Gostei muito, demais. Escrito e estrelado por Peter Fonda e Dennis Hoper, que foi também o diretor, a película é um delírio. Uma trilha rock alucinante, uma fotografia show – coisa essencial prum road movie legal, uma boa direção, uma montagem moderna e um roteiro pra destruir contam a história de 2 amigos que atravessam as estradas do sul dos EUA. Se não viu, veja.

Os homens que sempre estão lá

Os irmãos Coen sempre surpreendem. Seus roteiros são incríveis e eles conseguem criar personagens de uma complexidade inimaginável. É o caso do barbeiro de “The man who wans´t there” (O homem que não estava lá, de 2001), um cara que parece não estar nem vivendo, de tão insignificante.

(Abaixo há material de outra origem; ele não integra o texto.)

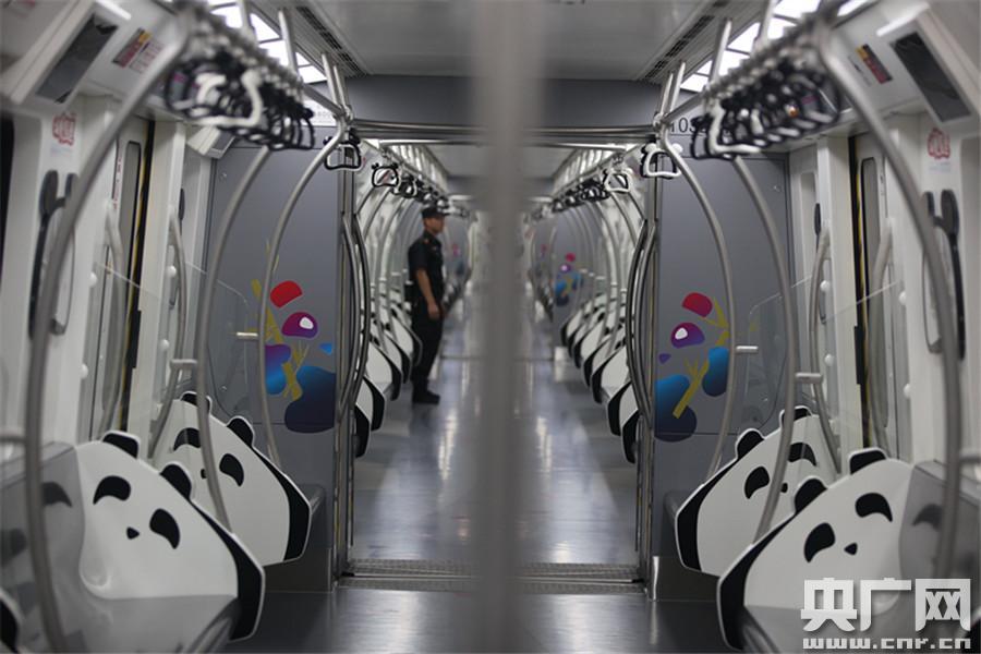 成都地鐵3號線熊貓主題列車“盼達”上的熊貓元素(成都地鐵供圖)

Mas não vá pensar que isso é um defeito. Numa ótima atuação de Billy Bob Thornton, o filme é carregado de uma aura noir, tanto por ser em P&B como também pela condução do roteiro. E não é só o final que é surpreendente, pois as reviravoltas acontecem a toda hora.

Pós-fanatismo

É uma delícia o Tim Maia pós "fase Universo em Desencanto". O disco homônimo, também conhecido como Tim Maia 1977, é tão bom ou melhor que os Racional I e II. Tem música instrumental, refrão que repete por minutos embasado num groove chapado, tem letra cabeça, tem amor...tem Tim Maia em grande forma. Este disco foi relançado pela Som Livre na coleção "Som Livre Masters" e tem ali na Livraria Curitiba (Joinville) por R$30,00.

É o canal

Pra quem gosta de curta-metragem, o Canal Brasil (65) é uma baita pedida. Os filmes de até 15 minutos (alguns festivais aceitam filmes de 25 minutos ou mais...) estão presentes diariamente na grade de programação.

Tem coisa boa pra ver tanto em produções mais lapidadas quanto em gravações formato Mini DV. Alguns filmes pecam em detalhes ditos importantes, mas mesmo nestes casos podemos encontrar roteiros muito interessantes. Destaco "Eletrodoméstica", de Kleber Mendonça Filho.